Ia menjelaskan bahwa unsur biaya memang menjadi bagian penting dalam filosofi pelayanan kesehatan. Menurut Menkes Budi, masyarakat berhak memperoleh layanan yang baik, namun dengan harga yang tetap terjangkau.
“Orang harus mendapatkan akses yang bagus dan kualitasnya baik. Tetapi harganya juga jangan mahal,” ujar Budi menegaskan.
Lebih lanjut, Budi juga menyoroti besarnya variasi tarif layanan kesehatan di berbagai negara. Ia menilai perbedaan harga tersebut jauh lebih ekstrem dibandingkan sektor industri lainnya.
“Kalau operasi usus buntu di Amerika bisa 12 ribu dolar, di Jepang sekitar 5 ribu dolar, Singapura sekitar 7 ribu dolar. Sedangkan di Indonesia hanya ratusan dolar,” ucapnya.
Menurut Budi, perbedaan harga layanan kesehatan antarnegara sangat mencolok dan jarang ditemukan pada sektor industri lainnya. Ia menilai sektor perbankan maupun energi umumnya hanya memiliki selisih harga kecil dibanding layanan kesehatan global.
“Di sektor lain seperti perbankan atau harga bensin, perbedaannya paling hanya satu sampai puluhan persen. Dan tidak sampai melonjak dari 12 ribu dolar ke 200 dolar seperti di sektor kesehatan,” kata Budi.
Sementara, Ketua KPK Setyo Budiyanto menilai kerja sama dengan Kementerian Kesehatan penting dilakukan. Mengingat besarnya anggaran dan luasnya program kesehatan yang bersentuhan langsung dengan masyarakat.
“Program Kementerian Kesehatan sangat banyak dan anggarannya besar. Sehingga diperlukan pengawasan, sosialisasi, serta pencegahan agar tidak disalahgunakan oleh oknum tertentu,” kata Setyo.

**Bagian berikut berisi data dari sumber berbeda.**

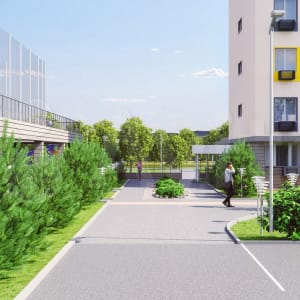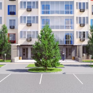 - Благоустроенный двор с комплексным озеленением, детские и спортивные площадки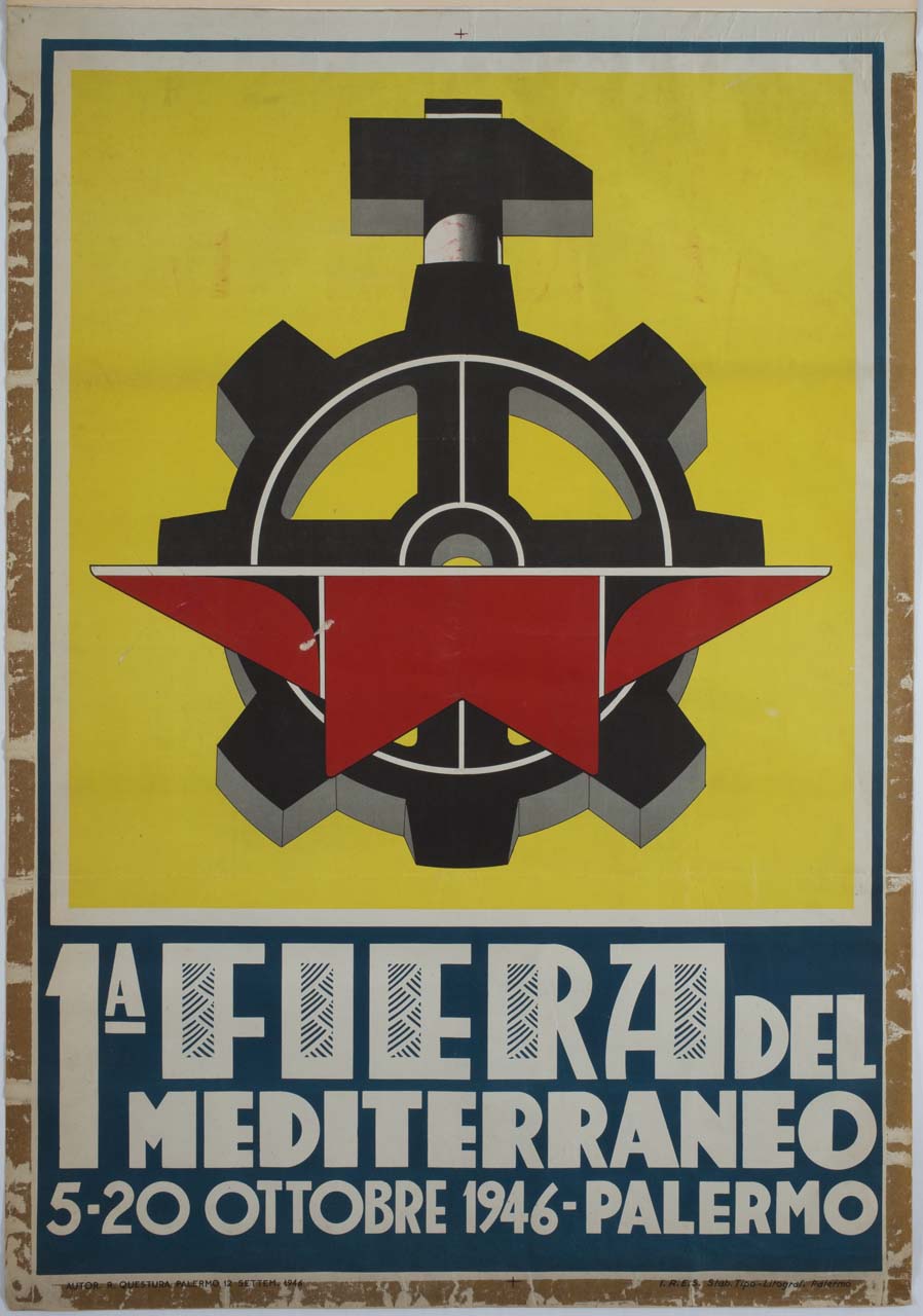 Lettura iconografica: ruota dentata; incudine; martello. Categoria merceologica/ tipo evento: commercio; industria; artigianato; agricoltura; fiere. Nomi: 1 Fiera del Mediterraneo. Luoghi: Palermo

Ia mengatakan kerja sama dengan Kemenkes mencakup langkah pencegahan korupsi melalui pengawasan dan penguatan sistem integritas. Kerja sama juga meliputi pertukaran informasi, pendidikan, sosialisasi, serta kampanye antikorupsi di sektor kesehatan.
“Isi kerja sama ini antara lain pencegahan, pertukaran informasi dan data, pendidikan, serta sosialisasi dan kampanye antikorupsi. Implementasinya bisa lebih luas dari itu,” ucap Setyo menutup.